At low power levels, detector amplifier drift dominates, and the detected power can become highly non-linear. This effect can be highly temperature sensitive, to an extent where accuracy is only guaranteed within ± 1O°C from " zero " compensation: not much use on a field instrument! Many instruments require the user to apply "zero" compensation to meet accuracy specifications. This is often not done, or done incorrectly, thus making measurements suspect. The whole subject of "zeroing" is avoided by many suppliers, who only refer to it half-way through the operating manual. When specifying an instrument, be very careful when interpreting specifications.

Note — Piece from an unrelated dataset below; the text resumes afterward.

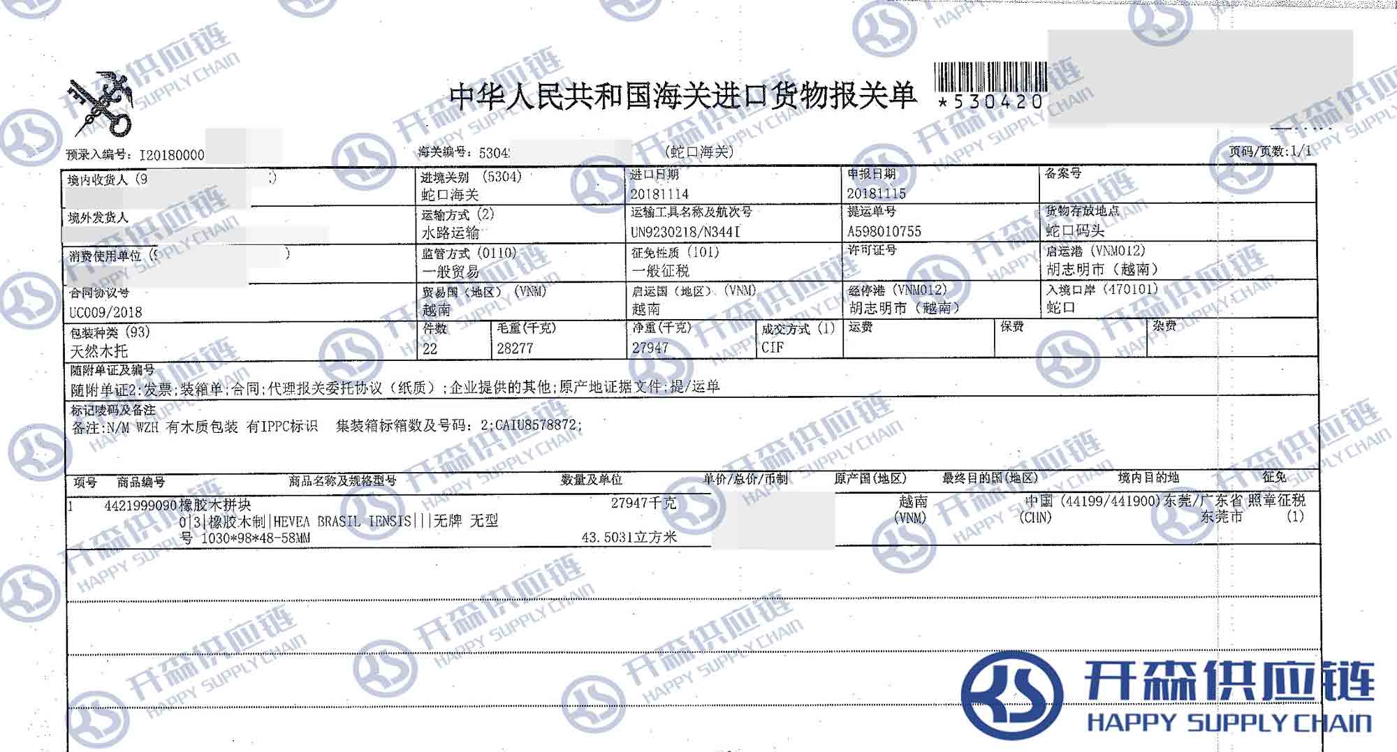 一、越南橡膠木拼塊家具進(jìn)口報關(guān)代理案例詳情
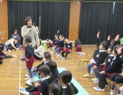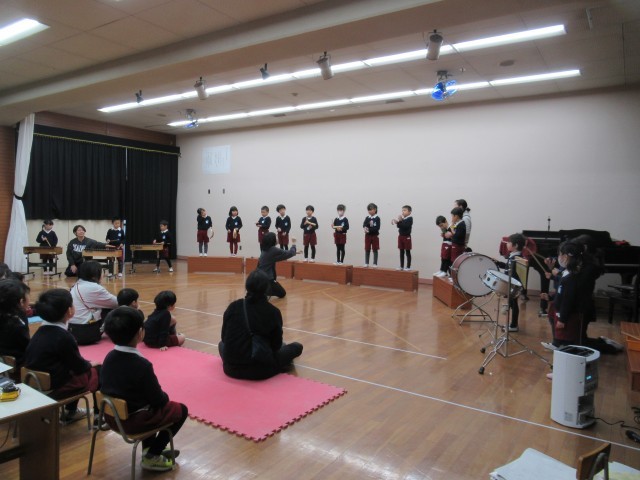 最後はお互い、見合いっこしてどうだったかを伝えました。あか組、もも組の劇遊びは「かわいかった!」そら組の合奏は「かっこよかった!!」そうです。ほかのクラスのお友達からのうれしい言葉ももらって、みんな嬉しそうでした。明日も見合いっこをする予定です。お楽しみにー!

In relation to the dynamic range of an instrument, look for the achieved accuracy over the stated range. It is very easy to make an instrument display a number over a wide dynamic range, but quite another to achieve a specified accuracy over the same dynamic range. Kingfisher instruments are fully specified over their entire dynamic range.
Wavelength sensitivity needs to be checked for your application. For example, an InGaAs sensor may have a specified accuracy of ± 0.2 dB at 850 nm, however measuring over the 850 nm band, e.g. ± 30 nm, the achievable accuracy may be no better than ± 1.2 dB. In contrast, for WDM applications from 1480 - 1625 nm, an InGaAs sensor delivers good accuracy even if it is only calibrated at 1550 nm. The typical error with an InGaAs instrument set for 1550 nm, but used at 1625 nm, is only about 0.3 dB.

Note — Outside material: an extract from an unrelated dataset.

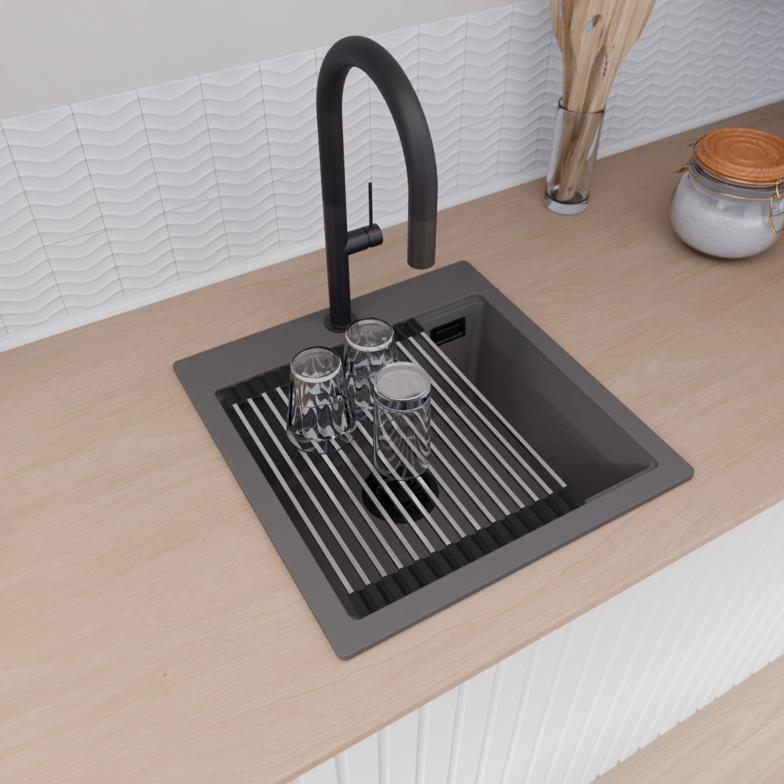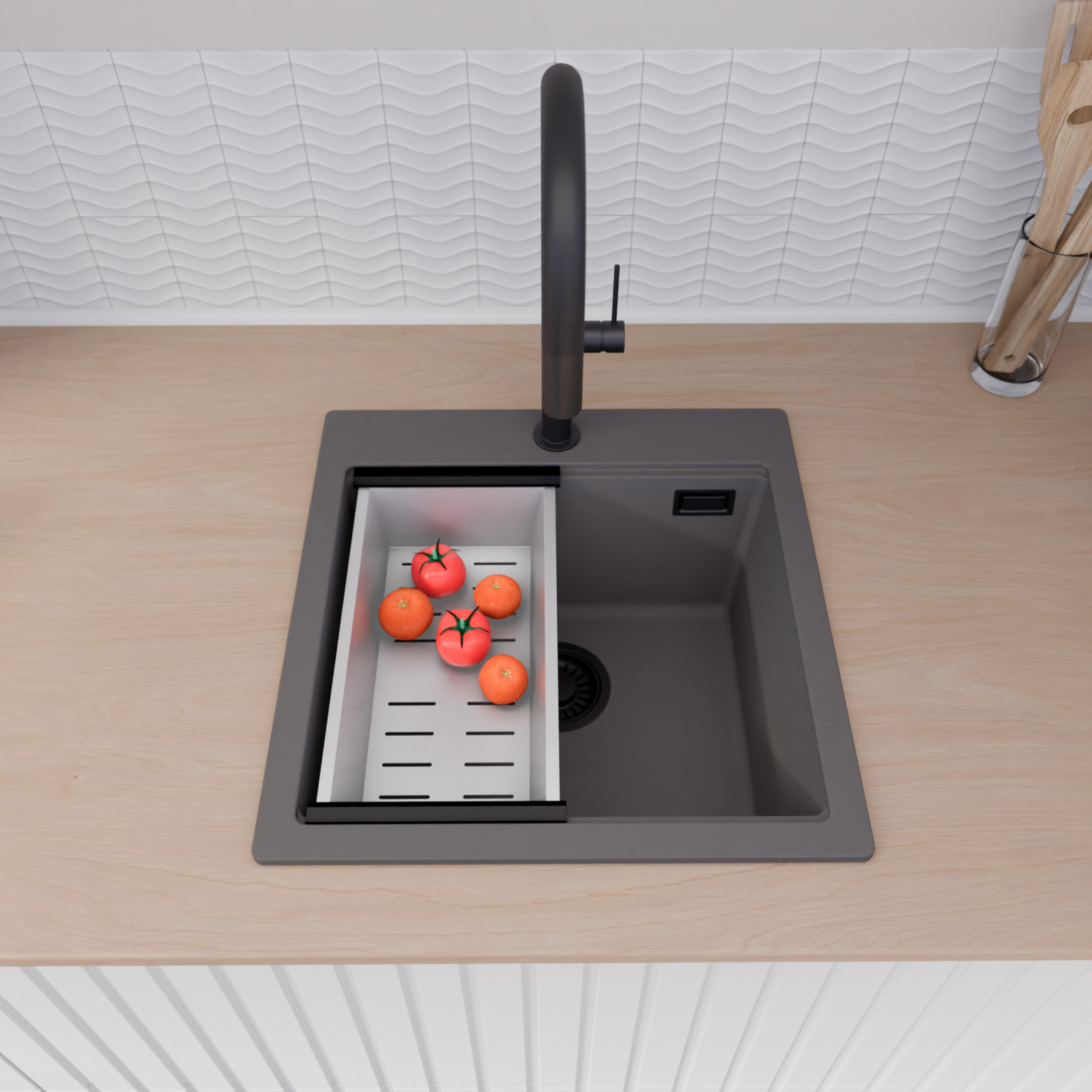 A mosogató prémium minőségű gránit kompozitból készült. Letisztult megjelenése mellett rendkívül praktikus, így bármilyen stílusú konyhába harmonikusan illeszkedik. A strapabíró gránit anyag hosszú távon is megbízható használatot garantál.

Germanium has several specific weaknesses, which limit its application to low precision work:
- Linearity is about ± 0.04 dB across the measuring range.
- Surface uniformity is relatively poor at ± 0.09 dB. e.g. if a light spot is moved across the detector surface, the reading will vary by this much.
- Calibration drifts over temperature, e.g. at 1300 nm it drifts typically about 0.1%/°C, or ± 0.1 dB over 0 - 50°C.
- Limited sensitivity.
Because of these combined effects, in the 1300 and 1550 nm bands, InGaAs provides markedly better measurement accuracy than Ge, even if the instrument specifications do not show it very clearly.
How much measurement resolution do I need?
Measurement instruments are available with resolutions of 0.1 - 0.001 dB of resolution. It is possible to make use of 0.001 dB resolution in carefully controlled laboratory conditions, but there is very little use for such resolution in general applications.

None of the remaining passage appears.